At service stations, the challenge has been to find QSR brands for customers who weren't already being catered for. Healthy eating has been a dominant theme, seen with the likes of Tossed and Leon. Somewhere like Pret A Manger tries to appear slightly more upmarket, while El Mexicana and Chozen Noodle broaden the menu.

Other Types Of Dining

Ed's Easy Diner.
Ed's Easy Diner was a casual dining offer briefly provided at service stations. It had a dedicated seating and table service.

Well-known, family restaurants are normally classed as "casual dining". Also known as long-form dining, these restaurants offer broader menus, a more pleasant dining atmosphere and a more personal service, in exchange for requiring more time. The "casual" refers to it being accessible to all, rather than "fine-dining".

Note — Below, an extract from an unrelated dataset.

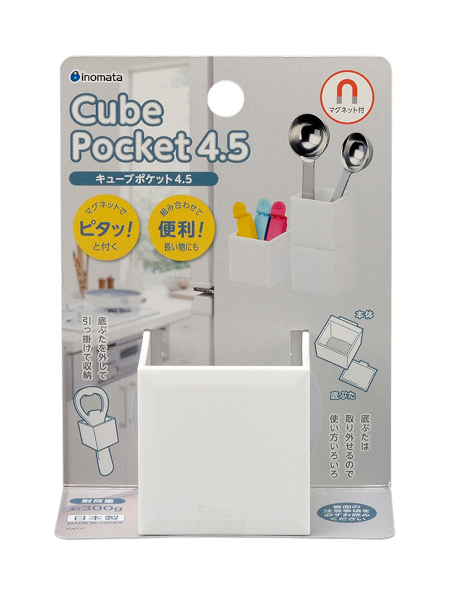 マグネット付ポケット キューブポケット4.5 ホワイト 4.5×4.8×高さ4.5cm (100円ショップ 100円均一 100均一 100均)

Service stations have been struggling with casual dining for a long time. They realise that there is some demand there, but not enough to make it work. PizzaExpress is perhaps the most successful example at the moment, while efforts have been made with Harvester and Nando's. PizzaExpress is often built with its own entrance, giving the impression that it is totally disconnected from the QSRs available next door.

Historically, the likes of Red Hen and Little Chef fitted into this category, but struggled to find enough customers to cover their costs. The earliest motorway service areas were required to have a waitress service restaurant, but by 1978 even the government accepted that these weren't being used and that the requirement was "a burden".

Some of the examples given on this page stray into "fast casual". This is a brand which doesn't fit comfortably into either category. There are no hard-and-fast rules, but you'd expect it to be one where customers order their food at a counter, before taking themselves to a seat.

The buffets and hot food counters seen at most service stations since the 1970s would fit this category, but they lack one feature which many people would expect of fast casual: a familiar menu which customers have seen before. Wetherspoons (at Beaconsfield), Wimpy (no longer used) and Leon would perhaps be better examples of this.